Work task — Each word in the data below should be copied exactly; the images should not.

Top of Supplied information

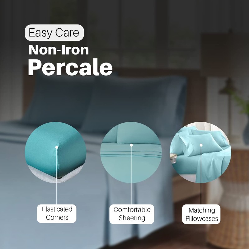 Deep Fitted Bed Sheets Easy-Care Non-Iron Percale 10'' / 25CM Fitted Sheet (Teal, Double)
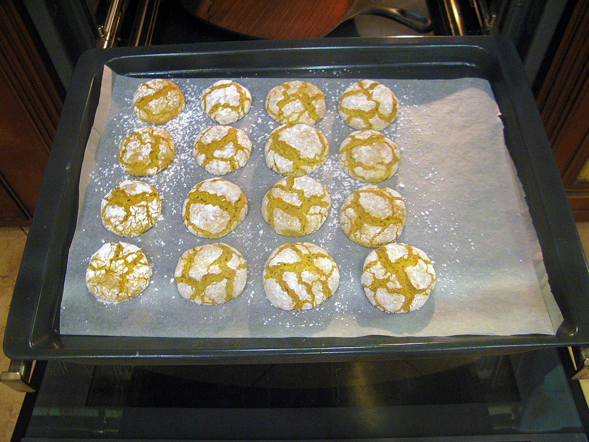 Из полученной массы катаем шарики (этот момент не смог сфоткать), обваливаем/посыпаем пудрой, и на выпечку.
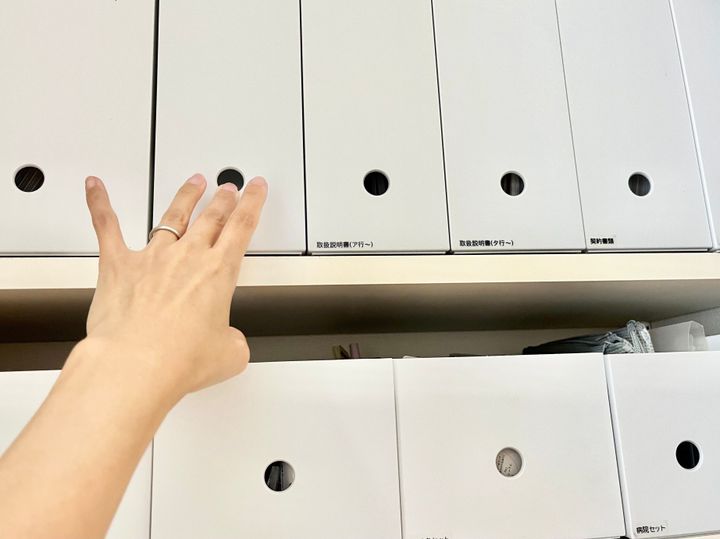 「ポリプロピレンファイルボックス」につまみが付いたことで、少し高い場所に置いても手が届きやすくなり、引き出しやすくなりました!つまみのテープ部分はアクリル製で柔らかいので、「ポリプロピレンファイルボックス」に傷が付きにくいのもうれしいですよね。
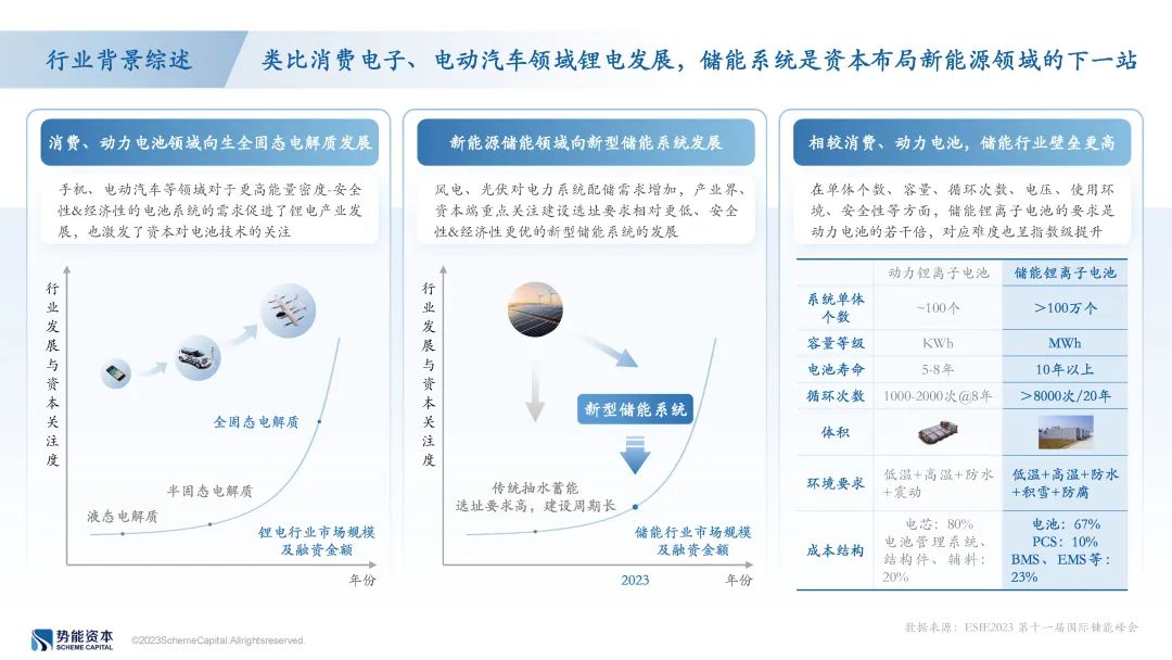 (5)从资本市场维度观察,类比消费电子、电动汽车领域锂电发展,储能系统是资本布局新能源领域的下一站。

Bottom of Supplied information

Result for this task —
 Deep Fitted Bed Sheets Easy-Care Non-Iron Percale 10'' / 25CM Fitted Sheet (Teal, Double)
 Из полученной массы катаем шарики (этот момент не смог сфоткать), обваливаем/посыпаем пудрой, и на выпечку.
 「ポリプロピレンファイルボックス」につまみが付いたことで、少し高い場所に置いても手が届きやすくなり、引き出しやすくなりました!つまみのテープ部分はアクリル製で柔らかいので、「ポリプロピレンファイルボックス」に傷が付きにくいのもうれしいですよね。
 (5)从资本市场维度观察,类比消费电子、电动汽车领域锂电发展,储能系统是资本布局新能源领域的下一站。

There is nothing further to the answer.